"Not I! I never boast. My mother taught me that. Or when I do boast it is to put men off the scent. I boasted once to Samson sahib when be offered to have me sent to college, telling him I was in the same school as himself and would learn the quicker. He has wondered ever since then what I meant. "Krishna!" she laughed impiously. "I wonder what Samson sahib would not give to have me in his clutches at this minute! Have I told you that Gungadhura plots with the Northwest tribes, and that the English know it? No? Didn't I tell you? Samson sahib would give me almost anything I asked, if he knew that it was I who told his government of Gungadhura's plots; he would know then that with my knowledge to guide him he would be more than a match for Gungadhura, instead of a ball kicked this and that way between Gungadhura and the English! Sometimes I almost think he would consent to try to make me maharanee!"

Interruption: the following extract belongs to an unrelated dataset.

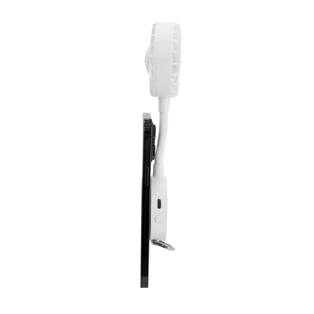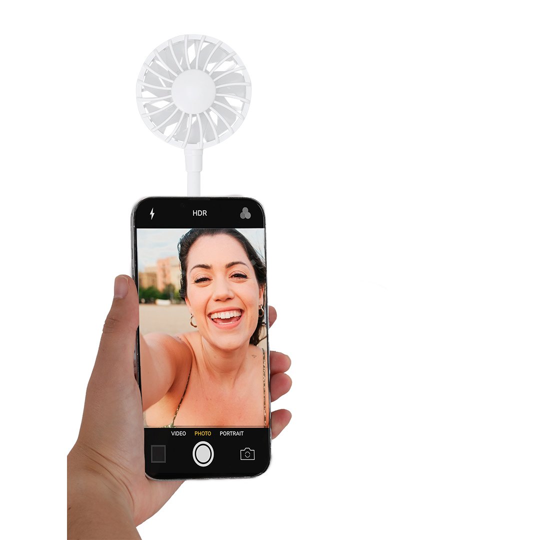 Ventilador multiposición con rotación de 360°, fabricado en ABS de color sólido y equipado con imán magnético para la sujeción con el móvil. Incluye soporte ajustable. En el extremo inferior cuenta con un mosquetón y anilla metálica. Dispone de 3 velocidades regulables mediante botón, e incorpora cable de carga USB A a USB C en el mismo color, junto con una batería de 300 mAh. Diseño compacto, funcional y portátil, ideal para uso personal en exteriores o interiores. Componentes resistentes y ensamblaje magnético para fácil plegado y transporte.

"Why not give him the chance then?"
"For two reasons. The English too often desert their commissioners. My sure way is better than his blundering attempts! The other reason is an even better one, and you shall know it soon. I think—I do not know— I think, and I hope that the fat high priest of Jinendra is playing me false, and has gone to Samson sahib to make a bargain with him. Samson sahib will consent to no bargains with that fat fool, if I am any judge of hucksters; but he will have his ears on end and his eyes sore with over- watchfulness from now forward! Oh, I hope Jinendra's priest has gone to him! I tried to stir treachery in his mind by brow-beating him about the bargain that be tried to force from me!"
"But what are you and the priest and Samson all bargaining about?" demanded Tess.
"The treasure of Sialpore! But I make no bargains! I, who know where the treasure is! Why should I offer to share what is mine? I will have a marriage contract drawn, and you shall be a witness. That treasure is my dowry. Listen! Bubru Singh my father died without a son—the first of all that long line who left no son to follow him. The custom was that he should tell his son, and none else, the secret of the treasure. He hated Gungadhura; and, not knowing which the English would choose for his successor, Gungadhura or another man, he told no one, making only hints to my mother on his death-bed and saying that if I, his daughter, ever developed brains enough to learn the secret of the treasure, then I might also have wit enough to win the throne and all would be well."
"And you discovered it? How did you discover it?"
"Not I."
"Who then?"
"Your husband did!"
"My husband? Dick Blaine? But that can't be true; he never told me; he tells me everything."